Keinem Verein werde „aktuell etwas genommen, erst bei anstehenden Investitionen findet eine Prüfung statt“. Jedem Verein werde zudem eine kostenlose Sportstätte zugesichert. Investitionen in moderne Sportstätten würden „zukunftsfähig“ geregelt.

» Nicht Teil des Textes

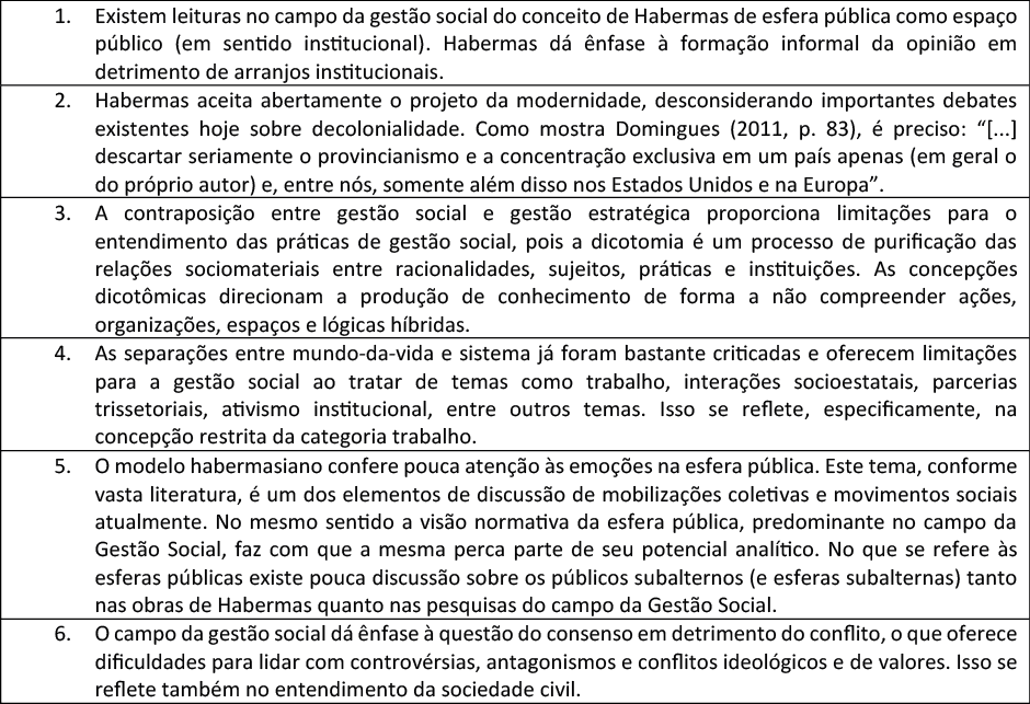 Seguindo nosso estudo, confirmamos a indicação de Habermas como autor importante para a construção dos conceitos de gestão social em Costa (2011), Garrido e Justen (2014), Justen e Moretto Neto (2012), Oliveira, Cançado e Pereira (2010) e Tenório, Brulon e Zarconi (2013), entre outros. Isso significa que parte do campo reconhece a importância dele para a fundamentação da Gestão Social, principalmente a partir dos conceitos de agir comunicativo e de esfera pública. Apesar do conhecimento da existência de outras críticas, no mapeamento realizado somente o texto de Justen, Moretto Neto e Garrido (2014a) faz críticas contundentes à apropriação de Habermas por parte de autores do campo da Gestão Social. Justen, Moretto Neto e Garrido (2014a) destacam as seguintes críticas a Habermas que, segundo eles, impactam nos ideais emancipatórios da Gestão Social: ideologia intelectualista; afastamento do materialismo; separação entre conhecimento e poder; foco na influência informal e interpretação restrita dos novos movimentos sociais. A partir disso, indicamos a realização de debates abertos e amplos sobre estas críticas. Como o mapeamento sistemático foi realizado somente em periódicos e de 1998 a janeiro de 2015, alertamos que estudos com críticas relevantes como de Pinho (2010), Pinho e Santos (2015), Persson e Moretto Neto (2015) e Persson (2016) não foram selecionados. Neste artigo buscamos neles contribuições para ampliar o debate em torno da apropriação dos conceitos habermasianos no campo da Gestão Social, considerando os limites das apropriações feitos pelos textos do mapeamento.

Das erfreute übrigens auch die SPD. „Mit dem Antrag rennen sie bei uns offene Türen ein“, meinte denn auch Wilfried Lüngen. „Wir haben wohlwollend zur Kenntnis genommen, dass sie den Prüfungsbericht der Gemeindeprüfungsanstalt und die darin angesprochenen Beanstandungen und Empfehlungen endlich tatkräftig umsetzen wollen.“

Die Spitze in Richtung Christdemokraten war nicht zu überhören. Bereits im Jahr 2002, so habe ihm sein Fraktionsvorsitzender Ralf Herberg erläutert, habe ein Antrag der SPD vorgelegen, den Bedarf an Sportstätten aufgrund der zahlreichen Fusionen von Fußballvereinen und in Anbetracht der zu diesem Zeitpunkt bestehenden Haushaltsmisere zu überprüfen. „Damals waren noch 20 Rasenplätze und sechs Tennenplätze vorhanden. Bei diesem Bestand hat sich schon einiges getan, was zur Entlastung der Stadtkasse beigetragen hat.“ In der Tat existieren nur noch 16 Rasenplätze und fünf Tennenplätze.

Zwiespältiges Thema

Wie zwiespältig für die CDU offenbar das Thema ist, zeigte sich noch einmal gegen Ende der Sportausschusssitzung. In ihrem Antrag wurde beim angestrebten Sollzustand wörtlich folgende Formulierung gewählt: „Die Stadt Heinsberg erstellt eine zukunftsausgerichtete Sportstättenbedarfsplanung, die im Wesentlichen die Schließung und den Rückbau nicht mehr benötigter Anlagen zum Inhalt hat und das konkrete Ziel verfolgt, die Anlagen weitgehend in die Pflege der Vereine zu übertragen.“ Gleichzeitig beteuert Manfred Fell jedoch für seine Partei: „Keiner, der sich mit Fußball auskennt, ist der Meinung, dass wir zu viele Plätze haben.“ Die Aussagen der Gemeindeprüfungsanstalt könnten „nicht eins zu eins“ übernommen werden.